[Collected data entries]

==================================================

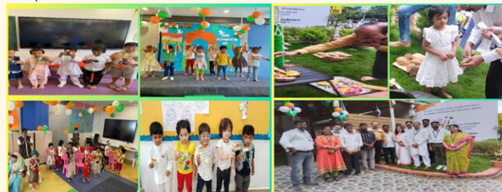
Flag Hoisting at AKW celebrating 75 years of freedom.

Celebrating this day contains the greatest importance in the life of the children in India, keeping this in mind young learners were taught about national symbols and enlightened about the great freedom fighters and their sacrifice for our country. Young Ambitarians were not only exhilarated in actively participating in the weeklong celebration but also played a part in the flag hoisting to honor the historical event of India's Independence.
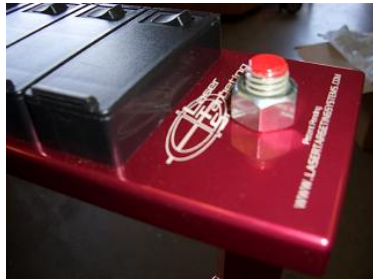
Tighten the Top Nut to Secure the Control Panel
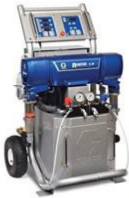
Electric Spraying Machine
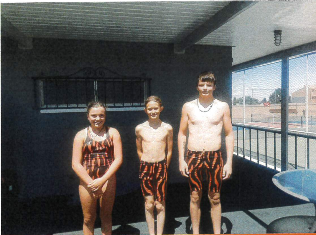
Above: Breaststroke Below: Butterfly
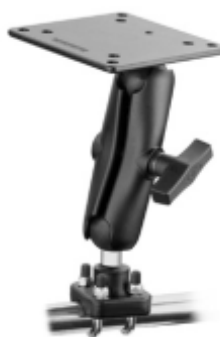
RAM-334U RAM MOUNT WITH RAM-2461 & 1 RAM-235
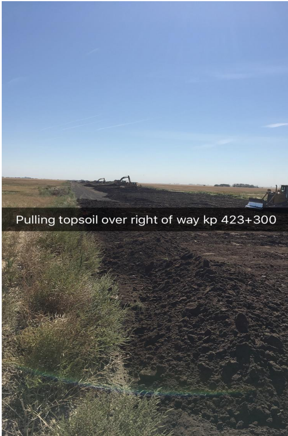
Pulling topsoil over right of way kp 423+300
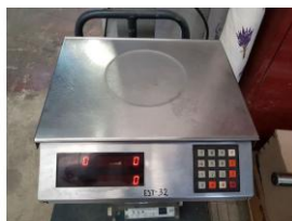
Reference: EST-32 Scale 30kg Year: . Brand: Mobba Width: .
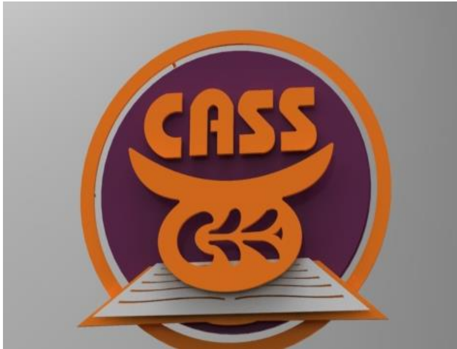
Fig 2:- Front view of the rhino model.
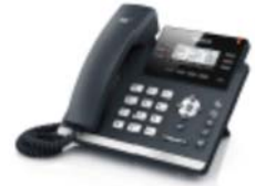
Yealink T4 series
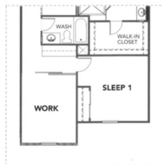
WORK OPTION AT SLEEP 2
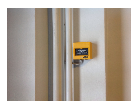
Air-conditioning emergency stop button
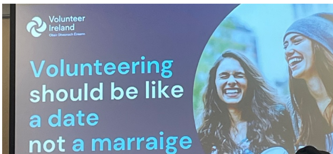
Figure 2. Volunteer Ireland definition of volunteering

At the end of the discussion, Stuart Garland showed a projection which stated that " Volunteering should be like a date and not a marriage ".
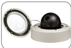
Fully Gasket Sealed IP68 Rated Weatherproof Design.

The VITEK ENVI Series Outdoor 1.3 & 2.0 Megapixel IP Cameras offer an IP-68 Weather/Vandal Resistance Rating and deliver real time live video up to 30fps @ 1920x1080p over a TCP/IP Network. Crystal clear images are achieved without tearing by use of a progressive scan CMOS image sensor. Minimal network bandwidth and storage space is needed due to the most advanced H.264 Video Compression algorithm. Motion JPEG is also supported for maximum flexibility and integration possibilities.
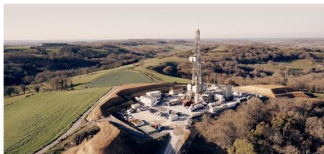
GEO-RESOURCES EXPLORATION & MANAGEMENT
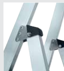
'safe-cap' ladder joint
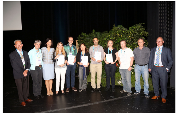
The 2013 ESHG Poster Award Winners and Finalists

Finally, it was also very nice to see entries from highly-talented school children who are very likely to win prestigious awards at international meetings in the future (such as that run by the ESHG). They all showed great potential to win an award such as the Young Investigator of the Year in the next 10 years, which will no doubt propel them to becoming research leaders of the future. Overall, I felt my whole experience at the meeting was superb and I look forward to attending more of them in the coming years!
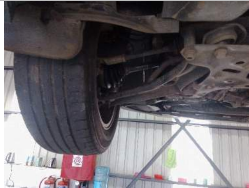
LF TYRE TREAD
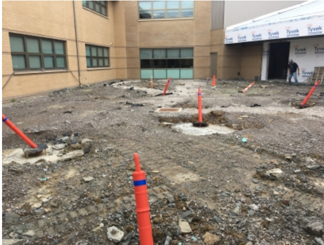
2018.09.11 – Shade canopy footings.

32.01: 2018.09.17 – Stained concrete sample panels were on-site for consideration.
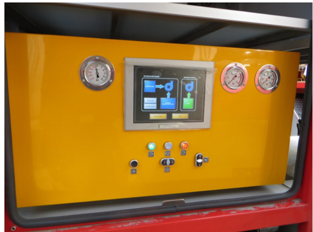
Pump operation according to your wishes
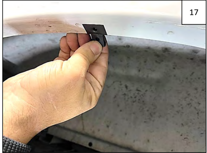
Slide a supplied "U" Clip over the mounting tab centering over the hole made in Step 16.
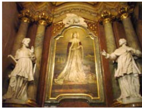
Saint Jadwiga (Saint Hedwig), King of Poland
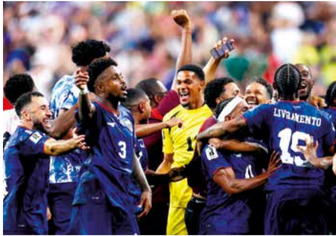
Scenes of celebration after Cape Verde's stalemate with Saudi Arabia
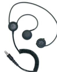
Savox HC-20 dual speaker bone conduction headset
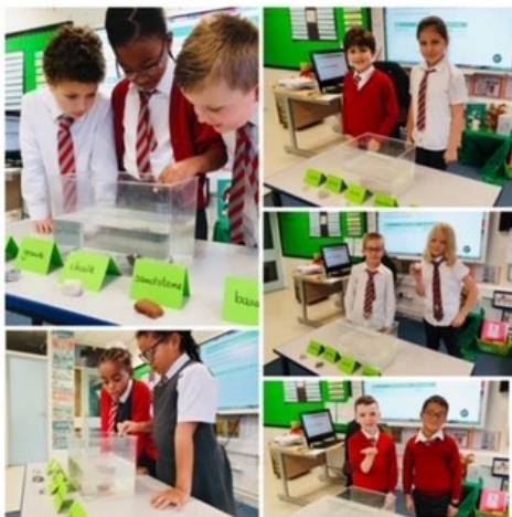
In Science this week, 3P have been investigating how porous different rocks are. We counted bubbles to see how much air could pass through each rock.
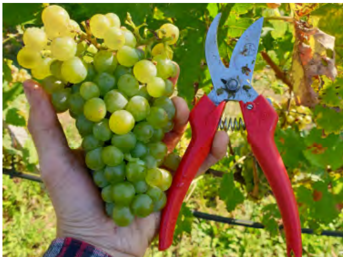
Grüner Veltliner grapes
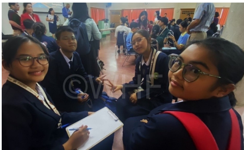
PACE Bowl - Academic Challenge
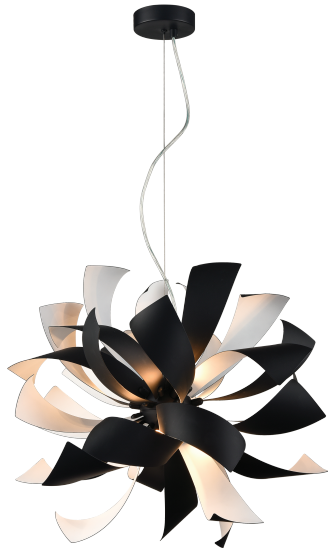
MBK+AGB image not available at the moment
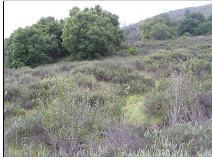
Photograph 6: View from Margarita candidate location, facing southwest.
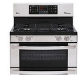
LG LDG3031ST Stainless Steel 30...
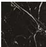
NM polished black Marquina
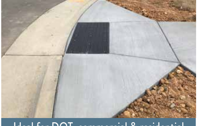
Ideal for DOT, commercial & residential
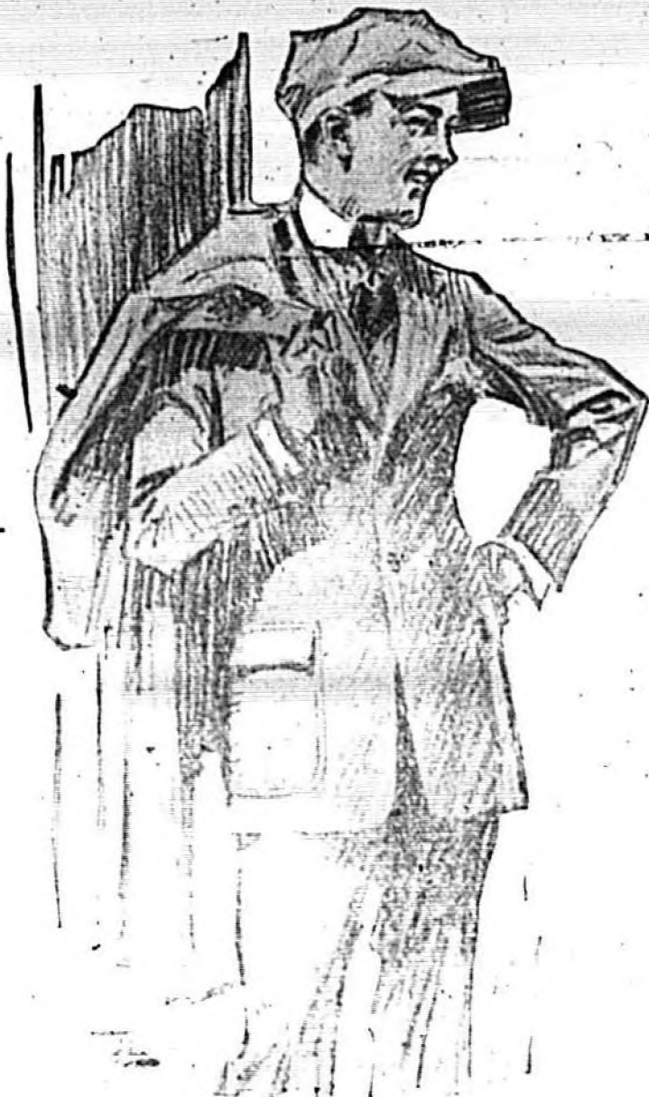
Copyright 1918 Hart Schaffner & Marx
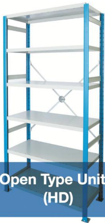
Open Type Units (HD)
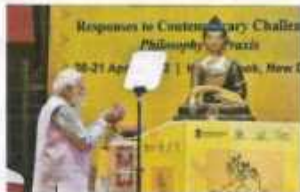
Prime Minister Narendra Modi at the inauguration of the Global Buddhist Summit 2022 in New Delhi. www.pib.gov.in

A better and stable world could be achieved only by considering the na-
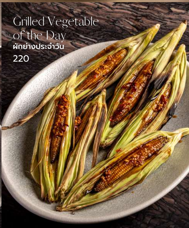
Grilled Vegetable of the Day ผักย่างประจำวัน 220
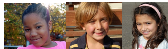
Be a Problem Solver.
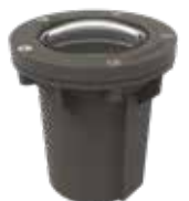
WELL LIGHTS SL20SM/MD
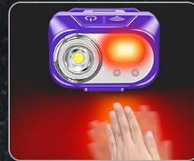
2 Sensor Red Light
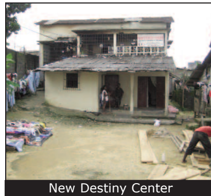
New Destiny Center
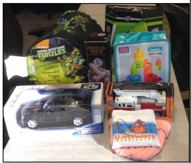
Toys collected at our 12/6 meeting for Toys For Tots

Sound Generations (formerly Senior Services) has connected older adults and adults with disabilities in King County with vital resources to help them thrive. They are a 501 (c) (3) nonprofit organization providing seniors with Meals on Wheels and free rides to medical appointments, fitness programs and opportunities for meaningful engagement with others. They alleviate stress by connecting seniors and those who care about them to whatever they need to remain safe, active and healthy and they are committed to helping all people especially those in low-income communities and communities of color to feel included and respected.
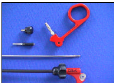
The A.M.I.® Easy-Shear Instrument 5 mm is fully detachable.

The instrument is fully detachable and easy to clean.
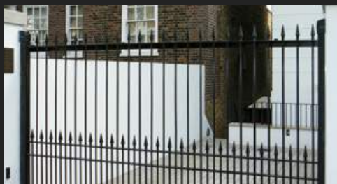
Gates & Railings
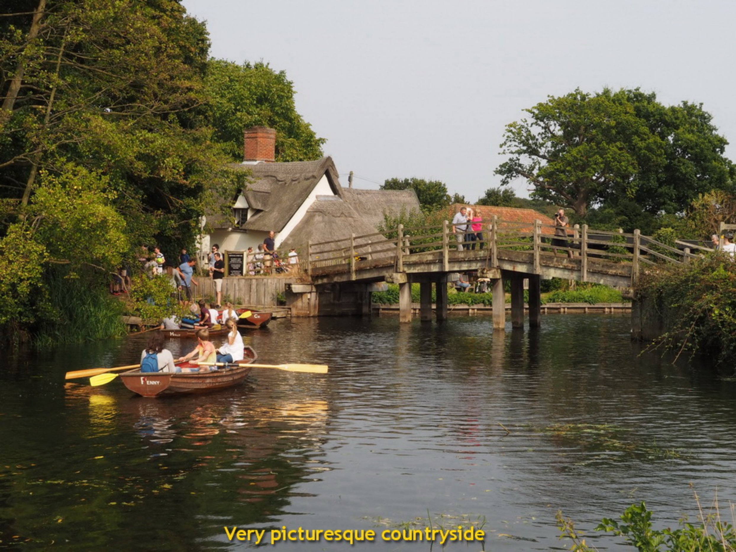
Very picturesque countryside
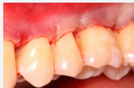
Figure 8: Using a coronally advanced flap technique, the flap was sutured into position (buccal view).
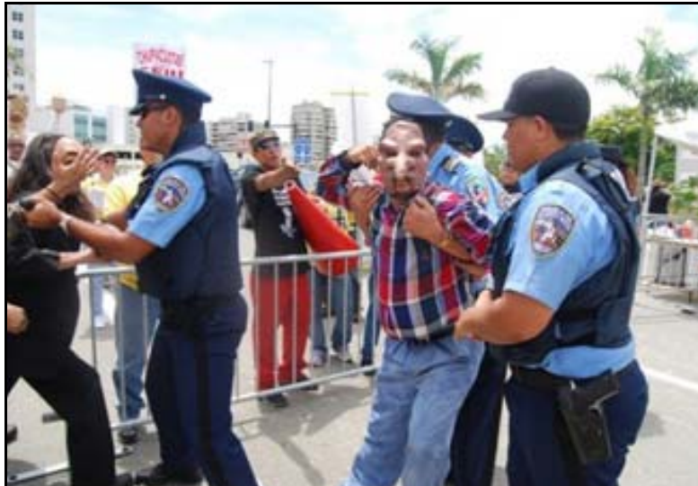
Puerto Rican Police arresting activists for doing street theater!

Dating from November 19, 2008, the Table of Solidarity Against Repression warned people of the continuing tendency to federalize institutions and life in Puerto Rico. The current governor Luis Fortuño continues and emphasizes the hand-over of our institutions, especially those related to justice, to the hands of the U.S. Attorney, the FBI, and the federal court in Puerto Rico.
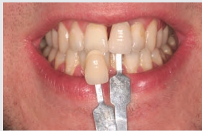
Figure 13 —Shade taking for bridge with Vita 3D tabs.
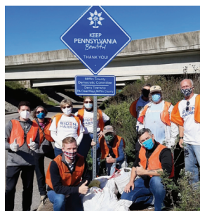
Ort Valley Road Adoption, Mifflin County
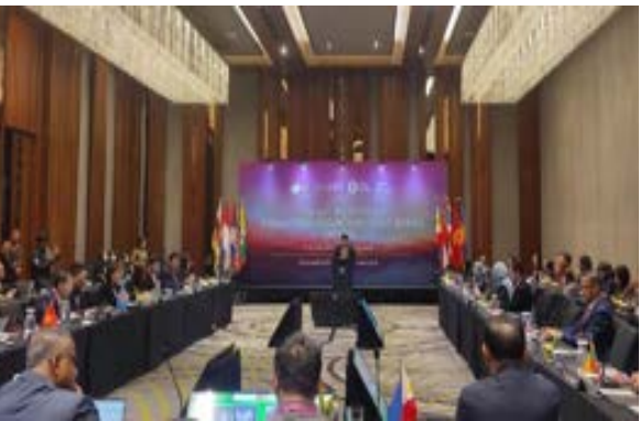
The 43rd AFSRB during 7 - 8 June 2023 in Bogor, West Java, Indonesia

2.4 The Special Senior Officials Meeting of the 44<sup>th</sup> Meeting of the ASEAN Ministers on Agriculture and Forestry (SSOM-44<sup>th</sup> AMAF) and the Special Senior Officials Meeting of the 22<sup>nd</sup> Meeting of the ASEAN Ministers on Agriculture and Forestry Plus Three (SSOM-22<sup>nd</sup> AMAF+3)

==================================================

No picture is to be printed. Output exactly the lines above from the line containing "Dating from November" through the line containing "The 43rd AFSRB".

Dating from November 19, 2008, the Table of Solidarity Against Repression warned people of the continuing tendency to federalize institutions and life in Puerto Rico. The current governor Luis Fortuño continues and emphasizes the hand-over of our institutions, especially those related to justice, to the hands of the U.S. Attorney, the FBI, and the federal court in Puerto Rico.
Figure 13 —Shade taking for bridge with Vita 3D tabs.
Ort Valley Road Adoption, Mifflin County
The 43rd AFSRB during 7 - 8 June 2023 in Bogor, West Java, Indonesia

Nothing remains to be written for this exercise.